Lilliana Villano, whose father, Matt Villano, is also a writer for The Press Democrat, is 11 and is now in the sixth grade at Healdsburg Junior High School. Last spring, she was a student at Healdsburg Elementary’s Fitch Mountain Campus.

Villano’s essay, titled “Margaret’s Story: The Story of my Great Grandmother,” told the tale of how her ancestor contracted the polio virus in 1916 and had lifelong effects from the illness but persisted in having a normal life.

While Villano enjoys all subjects and considers herself a good student, this year her favorite class is art, with Ms. Weiss. She is attending school via Zoom, as is Sbragia. She is busy from 8:30 a.m.m to 2:30 p.m. When asked about the stories she’ll tell about the pandemic, she said, “I live in my room. The end.”

Her fifth grade teacher, Ms. Pillinini supported her students in writing for the contest, and while Villano “doesn’t like essays,” she likes family history and found it fun and exciting. In fact, two of her friends also submitted essays and they won second and third place in the contest.

“I usually don’t feel comfortable sharing my work, but I was happy sharing it because I knew it would make my dad and my grandpa happy,” said Villano, who said she is very close with her grandfather. They are in daily contact through text messages.

Her mother, Nikki Villano, reiterates that closeness. She said that while her daughter has a bond with all four of her grandparents, Lilliana is closest to her grandfather Steve. She finds “the parallels between the pandemic COVID and what Margaret’s son, Steve Villano, her grandfather-in-law, said his mother went through,” interesting.

Aubrey Phipps-Parnay is 10. Last spring she was in the fourth grade at West Side School and her teacher was Lamiel Bjorkuuist. She learned about the contest when she was in the third grade but didn’t have a chance to enter, so last spring she was excited to write the story.

Phipps-Parnay interviewed all her grandparents and wrote a story from her Grandma Arlene, called “The Mucky Ride.” In the essay, she writes of her grandmother’s hitchhiking in Scotland in the 1950s with two friends. They ended up on a truck covered with cow manure, while one of the girls got to ride inside, which was quite unpleasant, though the story elicits many laughs when told.

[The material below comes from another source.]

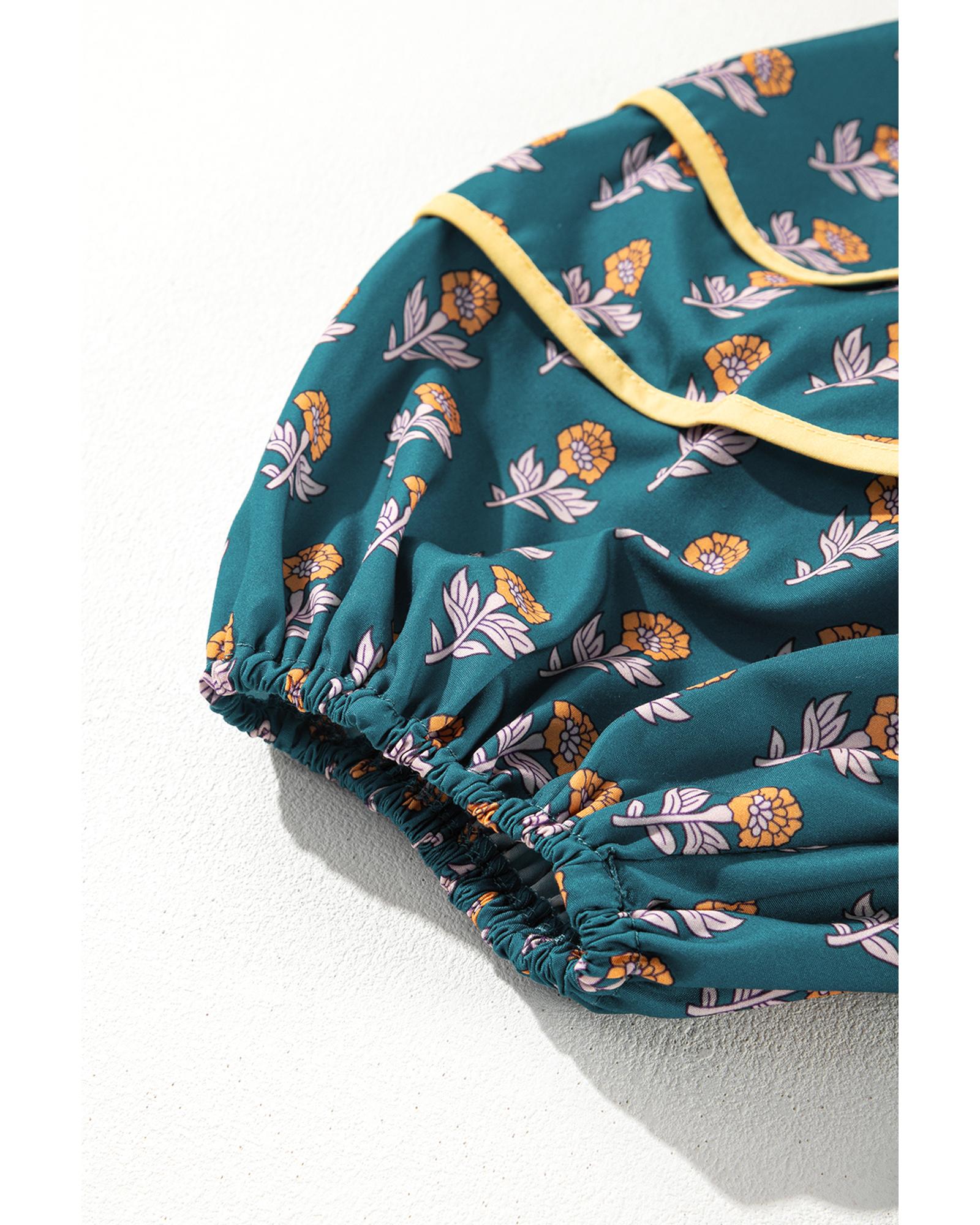 Skobeloff Floral Contrast Trim Square Neck Puff Sleeve Dress – L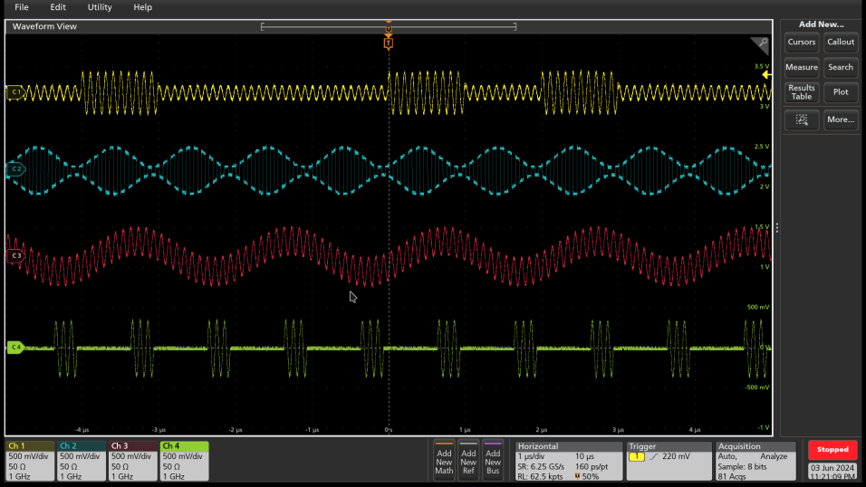 1653系列函數(shù)任意波形發(fā)生器包含120MHz、250MHz、350MHz、500MHz和1GHz 5種帶寬機(jī)型,滿足客戶不同輸出信號(hào)頻率的信號(hào)發(fā)生需求。500MHz帶寬及以下型號(hào)支持2或4個(gè)輸出通道,通道之間可耦合輸出,如CH2=CH1、CH2=~CH1,CH2=CH1+CH2等,通道CH1、CH2及CH3、CH4可作為差分信號(hào)輸出。

Phipps-Parnay continues at West Side School and is now in fifth grade. She would pick being in school over being in at home learning because she misses her friends. She looks forward to the contest next spring.

Andrew Chau Cook, 9, who took first place among third graders, detailed the migration by his mother, Helen Huong Chau-Cook, uncles and grandfather from Vietnam to the United States when his mother was just 7 years old. The journey involved a perilous trip through a storm on a rickety fishing boat, followed by an eventual flight to America.

Andrew is a fourth grade student at West Side School. His teacher last year was Ms. Kee. He is proud of how brave his family was during their ocean crossing.

“I’m very proud of him wanting to tell my story,” said his mother, Chau-Cook. She, too, wrote about the crossing while she was in high school, and an artist friend did a sketch of her to go with it.

Andrew’s father is Bob Cook, and his favorite subject in school is reading. He says he misses his friends at school, and while he’ll have stories to tell about the pandemic when he grows up, he confesses he really doesn’t like school via Zoom.

To read the winning essays, visit healdsburgmuseum.org/community-services.

Meanwhile, the Healdsburg Museum and Historical Society has had to cancel its regular gatherings and events for the rest of the year, including its popular exhibits. Along with having to cancel the essay awards ceremony, the museum has canceled its volunteer appreciation award and picnic, the History Lives dinner held in conjunction with the instant wine cellar raffle, and the museum members’ opening exhibits receptions.

Because of the hardships faced by the community, director Hoods and the museum board decided not to solicit donations. They did receive a paycheck protection program loan through their bank that enabled them to maintain their full staff, all of whom are working from home offices.